Today -100: June 25, 1916: Mexico has long been an international nuisance


The Wilson administration is rather annoyed at not being able to formulate a Mexican policy (i.e., go to war) because of Gen. Pershing’s delay in sending a full report on exactly what happened at Carrizal (i.e., who really started the shooting between Mexican and US forces). The delay is in part because US soldiers are still making their way back in dribs and drabs. But the US is demanding the immediate release of captured US soldiers.

Gen. Jacinto Treviño, the Carrancista chief in Chihuahua State, says in a telegram to some random Mexican that at Carrizal he was only following Carranza’s orders. The US will take this as an admission that if there’s a war, the Mexicans started it.
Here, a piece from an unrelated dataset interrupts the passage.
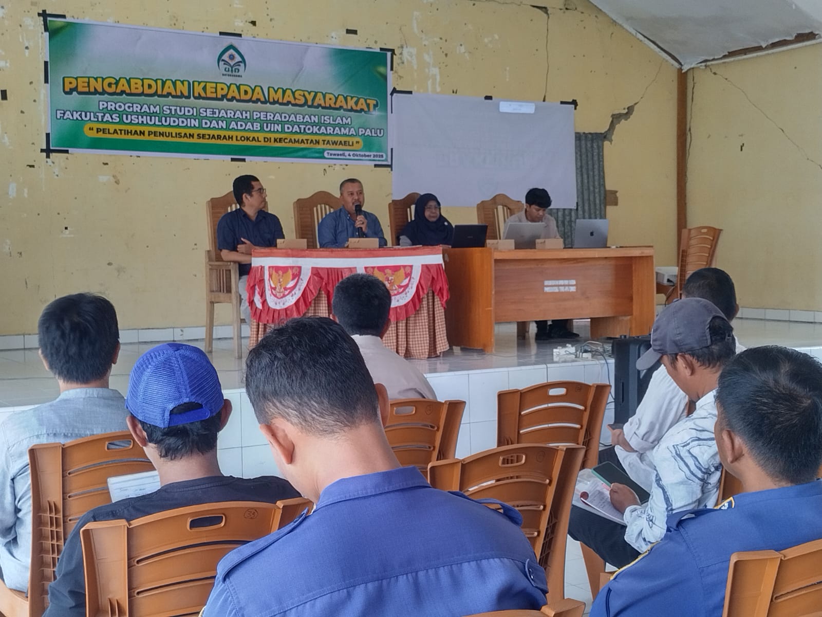 PALU, (FUAD-UINDK) — Dalam rangka memperkuat literasi sejarah lokal di kalangan masyarakat, Program Studi Sejarah Peradaban Islam (SPI) Fakultas Ushuluddin dan Adab (FUAD), Universitas Islam Negeri (UIN) Datokarama Palu menyelenggarakan kegiatan Pengabdian kepada Masyarakat (PkM) berupa “Pelatihan Penulisan Sejarah Lokal” di Kecamatan Tawaeli, Sabtu (4/10/2025).

The threat of impending war has brought Mexicans together, with some of Pancho Villa’s generals and men flocking to join Carranza’s army.

The US Senate Military Committee drops the $1 million the House appropriated for the families of National Guardsmen drafted into federal service. Instead, any guardsman with a wife and/or children may ask to be discharged. The Committee also removes the House’s 3-year limit on the terms of service, leaving it as “the period of the emergency.”

William Howard Taft says the duty to invade Mexico is clear – “Mexico has long been an international nuisance.” But, as he was told when he president, it will take 250,000 soldiers, we’ll need to capture every major city and port and then deal with guerilla warfare and it will all take two or three years.

This is surprising: a Sunday NYT Magazine article on the rather obscure late artist Henri Gaudier-Brzeska.

The Mag also examines why so few French Canadians are joining the army. Evidently it’s because public schools in Quebec are not taught in French.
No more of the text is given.